Thank you for these people God! Thank you for their willingness and desire to pray over me and each other. It is amazing and such a powerful experience! Thank you for it! Thank you for breaking me out of my shell, for giving me new boldness and taking away my fears! Thank you for who you are!
Reveal all that you have for me! Speak through me, use me! I want to play my small part in your incredible drama! I want to be free of all guilt and shame and pain. I want to let it all go and let nothing hold me back from the plans you have for me. I want to be completely open to you! Free from all bondage and embracing all truth! Continue to break me down so you can build me up into the woman you desire me to be! I know that you are in control and you will work every single circumstance in my life for something greater-even if I cannot see it now or never really see it in this life.
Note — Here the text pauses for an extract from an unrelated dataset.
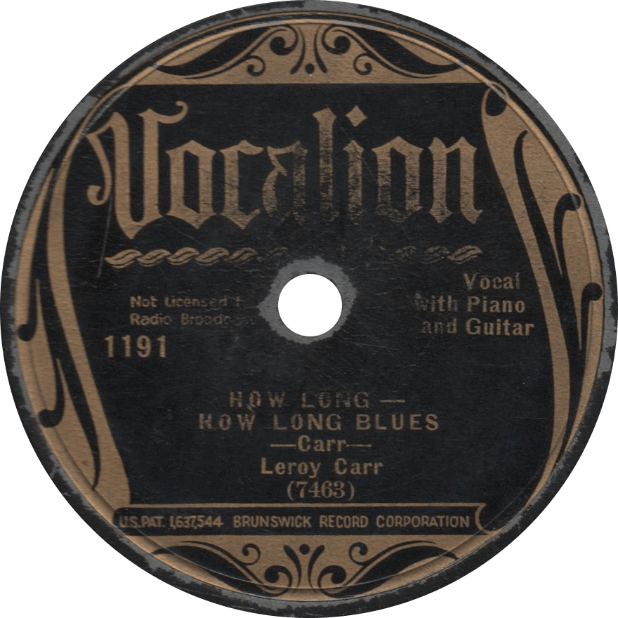 Vocalion 1191 was recorded on June 19, 1928 in Indianapolis, Indiana by Leroy Carr, singing and piano, backed by Scrapper Blackwell on guitar. It was Carr and Blackwell’s first record, together or separately. This copy was pressed in 1935 or ’36, as indicated by the black and gold “scroll” style label. It was also reissued on Banner 32557, Oriole 8166, and Romeo 5166. That it was still for sale nearly a decade after it was originally made—combined with its well-worn condition—present a testament to just how popular this record was.
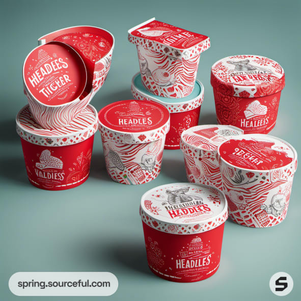 Ice cream tubs and boxes with red tiger graphics and strawberries.

I want to be a light in the darkness. I want the fullness of the power you have for me, the fullness of your presence. Let NOTHING stand in my way! 
Fill me. Give me revelations. Awaken gifts in me! I want to see you work in crazy ways! I want a crazy fire, an inexpressible joy, a freedom in you! And I want to take all of this with me as I return home and return to school. Let me not forget all the things that are of you!
Thank you for the boldness you have given me. Thank you for who you are! I just love you! Thank you for changing me and growing me in you. Continue to transform my life and mold me into who you desire for me to become. You are amazing! I am only who I am because of you and your grace! 
I want to worship you for who you are, not with an agenda. How dare I ask you for me than you have already given? Is your Son not enough? Is eternal life with you not enough? Are you not enough? But you are! You are all that I need. You are my heart's desire! When I pray and ask for the desires of my heart, I receive them because I receive more of YOU!!! I desire to fall more and more in love with you!